Will you output all of the data below exactly, omitting the images?

● DATASET EXCERPT
=== Begin Enclosure ===

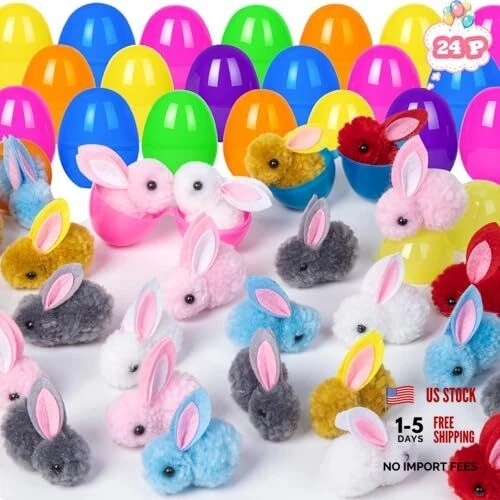 24 Pack Easter Egg Fillers Plush Bunny Toys, Mini 24P Easter Eggs Fillers
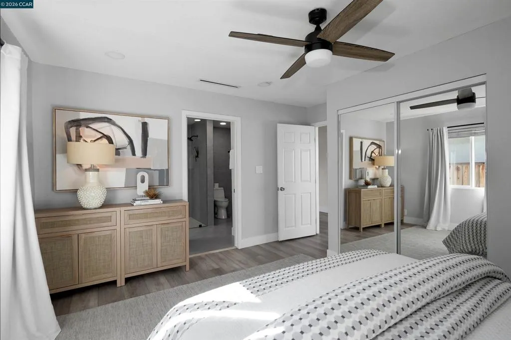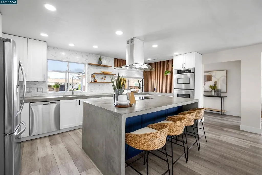 Experience the perfect blend of modern design and everyday comfort in this thoughtfully renovated home. Perfectly positioned at the quiet end of a cul-de-sac, the home welcomes you with a bright, cohesive interior featuring updated flooring and premium finishes throughout. The chef-inspired kitchen is a true showpiece, boasting industrial-chic concrete countertops, sleek cabinetry, open shelving, and an expansive social island designed for both daily life and grand-scale entertaining. Both bathrooms have been tastefully reimagined, including a spa-like primary suite with a custom, oversized tile shower. The interior flows seamlessly to a backyard oasis that defines the California indoor-outdoor lifestyle. Spend your evenings under the vaulted, wood-beamed covered patio, warmed by the outdoor fireplace while overlooking the sparkling pool and lush lawn. Beyond the aesthetic, this home offers incredible peace of mind and efficiency with owned solar, a brand-new HVAC system, and new ducting. Located just minutes from top-tier shopping, dining, and schools, this move-in-ready gem offers the perfect balance of style, sustainability, and location. Your private retreat awaits, schedule your private tour today!
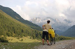 V srpnu 2006 stojíme na hraničním přechodu mezi Černou horou a Albánií a dva celníci si prohlíží naše pasy. Přijeli jsme sem po úzké asfaltové cestičce, která za závorou zatáčí mezi oplocená políčka. Po chvíli jsme propuštěni a ocitáme se ve vysněné „Zemi orlů". Krásný asfalt za zatáčkou končí a začíná kamení. První hodina je úděsná. Učíme se ovládat plně naložená ležatá kola na volných kamenech a urputně se snažíme vyjet každý kopec. Stejně urputně se však silnice snaží nás dostat ze sedel a poslat nás k zemi, což se jí také několikrát daří. Jenže jedna prohraná bitva neznamená prohranou válku a tak pokračujeme dále. S každým ujetým metrem se naše jízdní technika zlepšuje a na začátku stoupání do prvního albánského sedla už s našimi koly bez větších problémů tancujeme po kamenité cestě a tu a tam si můžeme dovolit se podívat po okolí a kochat se nespoutanou přírodou v okolí. Nic divočejšího jsem snad v Evropě ještě neviděl. Vápencové masivy v okolí by se možná daly přirovnat k italským Dolomitům, ale tady neuvidíte asfaltku, čtyřhvězdičkový hotel, ani ogoretexovaného horolezce směřujícího na ferátu. Jediné co vidíme je rozmlácená silnice pod koly, kamenné chajdaloupky postavené v příkrých svazích a staříka na oslovi. To vše ještě podtrhuje neuvěřitelnost tohoto místa.

=== End Enclosure ===

● SOLVED PROBLEM
 24 Pack Easter Egg Fillers Plush Bunny Toys, Mini 24P Easter Eggs Fillers
 Experience the perfect blend of modern design and everyday comfort in this thoughtfully renovated home. Perfectly positioned at the quiet end of a cul-de-sac, the home welcomes you with a bright, cohesive interior featuring updated flooring and premium finishes throughout. The chef-inspired kitchen is a true showpiece, boasting industrial-chic concrete countertops, sleek cabinetry, open shelving, and an expansive social island designed for both daily life and grand-scale entertaining. Both bathrooms have been tastefully reimagined, including a spa-like primary suite with a custom, oversized tile shower. The interior flows seamlessly to a backyard oasis that defines the California indoor-outdoor lifestyle. Spend your evenings under the vaulted, wood-beamed covered patio, warmed by the outdoor fireplace while overlooking the sparkling pool and lush lawn. Beyond the aesthetic, this home offers incredible peace of mind and efficiency with owned solar, a brand-new HVAC system, and new ducting. Located just minutes from top-tier shopping, dining, and schools, this move-in-ready gem offers the perfect balance of style, sustainability, and location. Your private retreat awaits, schedule your private tour today!
 V srpnu 2006 stojíme na hraničním přechodu mezi Černou horou a Albánií a dva celníci si prohlíží naše pasy. Přijeli jsme sem po úzké asfaltové cestičce, která za závorou zatáčí mezi oplocená políčka. Po chvíli jsme propuštěni a ocitáme se ve vysněné „Zemi orlů". Krásný asfalt za zatáčkou končí a začíná kamení. První hodina je úděsná. Učíme se ovládat plně naložená ležatá kola na volných kamenech a urputně se snažíme vyjet každý kopec. Stejně urputně se však silnice snaží nás dostat ze sedel a poslat nás k zemi, což se jí také několikrát daří. Jenže jedna prohraná bitva neznamená prohranou válku a tak pokračujeme dále. S každým ujetým metrem se naše jízdní technika zlepšuje a na začátku stoupání do prvního albánského sedla už s našimi koly bez větších problémů tancujeme po kamenité cestě a tu a tam si můžeme dovolit se podívat po okolí a kochat se nespoutanou přírodou v okolí. Nic divočejšího jsem snad v Evropě ještě neviděl. Vápencové masivy v okolí by se možná daly přirovnat k italským Dolomitům, ale tady neuvidíte asfaltku, čtyřhvězdičkový hotel, ani ogoretexovaného horolezce směřujícího na ferátu. Jediné co vidíme je rozmlácená silnice pod koly, kamenné chajdaloupky postavené v příkrých svazích a staříka na oslovi. To vše ještě podtrhuje neuvěřitelnost tohoto místa.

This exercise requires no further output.